Hi @dustine32. In this version we have replaced the 'with' field values in binding annotations with PRO ids. They should now be validate for the Shex checks since they will be in our GPI file and therefore in NEO. @loricorbani replaced several thousand automatically and I replaced close to a thousand manually. I'd like to see how many models are still failing the Shex checks to determine where I have missed any. We can discuss in more detail on the GO-CAM specs call.
from gocamgen.
@dustine32 let me know if you need help with noctua/minerva reasoner situation. Its been in flux, so if you are running from a dev branch you may need to adjust some command line params. Should be stabilizing soon...
from gocamgen.
Thanks @goodb ! Yeah, I figured I would eventually need to hit you up on gitter or something to sort that out. I can probably attack that after the noon call today.
from gocamgen.
05/15/2020 : for dustin
David H : add any comments about what is special about this version
http://www.informatics.jax.org/downloads/custom/mgi.gpa
http://www.informatics.jax.org/downloads/custom/mgi.gpa.gz
http://www.informatics.jax.org/downloads/custom/mgi.gpi
http://www.informatics.jax.org/downloads/custom/mgi.gpi.gz
from gocamgen.
Thanks @loricorbani. @dustine32, in this set of files we have changed the way we are retrieving PRO identifiers for proteins that correspond to MGI genes. I suggest that for further testing we use the gpi files supplied at this location.
from gocamgen.
05/22/2020 : for dustin
David H : add any comments about what is special about this version
http://www.informatics.jax.org/downloads/custom/mgi.gpa.gz
http://www.informatics.jax.org/downloads/custom/mgi.gpi.gz
These contain MGI/Production from 05/21.
Using PRO/GPI file.
With converted "contributor" values.
from gocamgen.
Hi @dustine32. In this version I have fixed the binding inputs for all of the MFs with the IPI evidnce code that you are converting to inputs. Once you have updated to the complete cell and anatomy ontology, could you run these through the Shex validation again and I will clean up any stragglers. There still may be a few. Thanks!!!
from gocamgen.
non_mouse_uniprot_with_ids.txt
Attaching newest list of non-mouse identifiers described above in #79 (comment).
from gocamgen.
Hi @dustine32. I just noticed another issue in the models with respect to item 4. If you look at the model titled MGI:MGI:1929601, you will notice that in some cases, human proteins have been converted to inputs and are valid presumably because they are in Neo.
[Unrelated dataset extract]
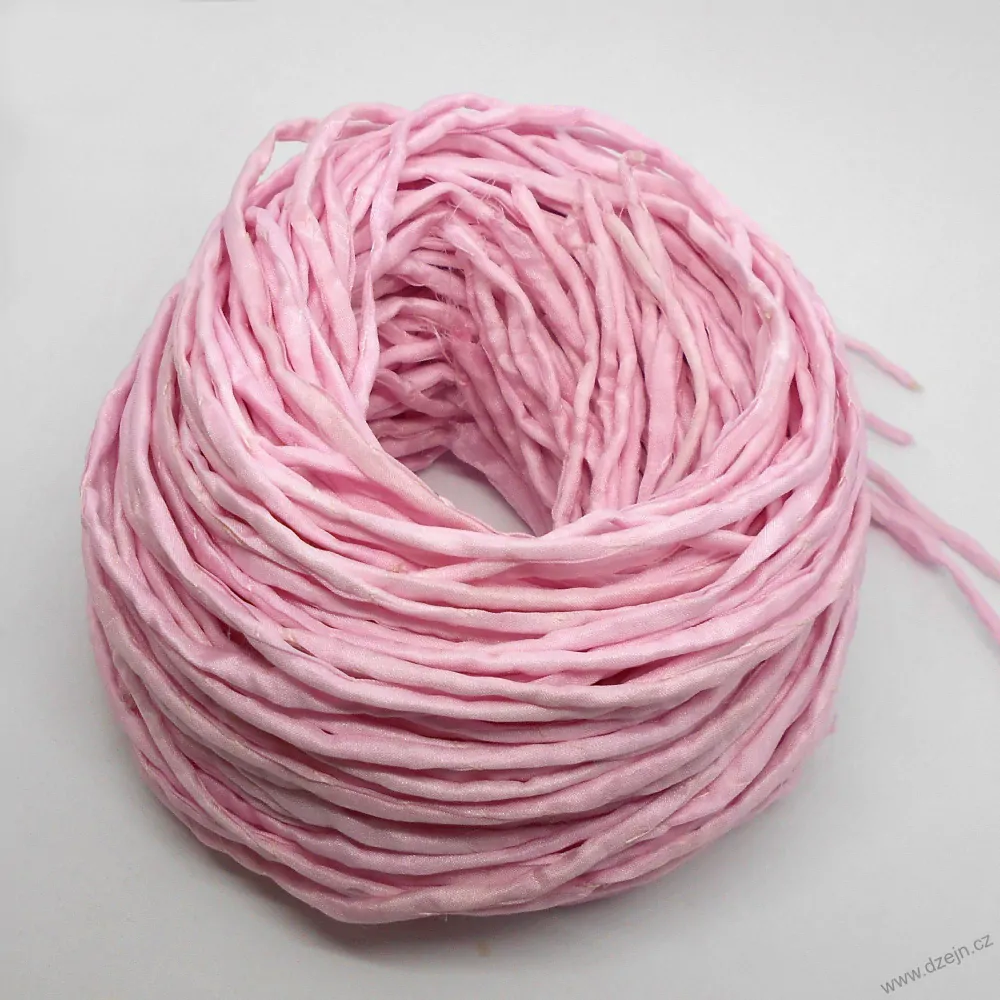 Hedvábná šňůrka z pravého přírodního hedvábí pongé 5 je ručně barvená světle růžovou barvou. Délka šňůrky je 105-110 cm, průměr cca 2 mm. Šňůrka je plochá a lze ji protáhnou i dírkou o průměru 1 mm.

These should be treated like the ones above #79 (comment). Clearly, my trying to find these manually is not an optimal strategy. Maybe we should switch to converting only identifiers that are found in the mouse GPI file to inputs and leaving all the rest in the 'with' field. This will get around the hand-built list in the comment above and the few more that I found today. I am pretty convinced that I have caught most of the 'true' errors that existed and those identifiers have all been corrected as either valid MGI identifiers or PR identifiers from the mouse GPI file. We can chat about this if it's not clear.
from gocamgen.
06/08/2020 : for dustin
David H : add any comments about what is special about this version
http://www.informatics.jax.org/downloads/custom/mgi.gpa
http://www.informatics.jax.org/downloads/custom/mgi.gpa.gz
from gocamgen.
This version should have fixed the Shex errors.
from gocamgen.
06/09/2020 : for dustin
David H : add any comments about what is special about this version
http://www.informatics.jax.org/downloads/custom/mgi.gpa
http://www.informatics.jax.org/downloads/custom/mgi.gpa.gz
from gocamgen.
It should be very special. It should pass both the logic and Shex checks.
from gocamgen.
06/15/2020 : for dustin
David H : add any comments about what is special about this version
http://www.informatics.jax.org/downloads/custom/mgi.gpa
http://www.informatics.jax.org/downloads/custom/mgi.gpa.gz
from gocamgen.
Fixed a typo.
from gocamgen.
06/29/2020 : for dustin
David H : add any comments about what is special about this version
http://www.informatics.jax.org/downloads/custom/mgi.gpa
http://www.informatics.jax.org/downloads/custom/mgi.gpa.gz
from gocamgen.
08/05/2020 : for dustin
This is GPI version 2 from MGI
David H : add any comments about what is special about this version
http://www.informatics.jax.org/downloads/custom/mgi2.gpi
from gocamgen.
This version does not have values in column 8 yet and does not have protein complexes yet. Once we (GOC) decides exactly what is supposed to go into column 8, we (MGI) will populate it. Adding the complexes should also be straightforward and we can run a test with them at some point to make sure they are then available for curation in Noctua. Thanks @loricorbani !!!!!
from gocamgen.
08/12/2020 : for dustin
This is GPI version 2 from MGI
David H : add any comments about what is special about this version
http://www.informatics.jax.org/downloads/custom/mgi2.gpi
from gocamgen.
This version has mouse protein complexes from PRO along with all the other changes from the previous version.
from gocamgen.
09/11/2020 : for dustin
This is GPI version 2 and GPAD version 2 from MGI
David H : add any comments about what is special about this version
http://www.informatics.jax.org/downloads/custom/mgi2.gpi
http://www.informatics.jax.org/downloads/custom/mgi2.gpad
from gocamgen.
This GPAD2.0 file has everything including all of the properties that we will use for the initial import. We can go over the details on the call next Tuesday.
from gocamgen.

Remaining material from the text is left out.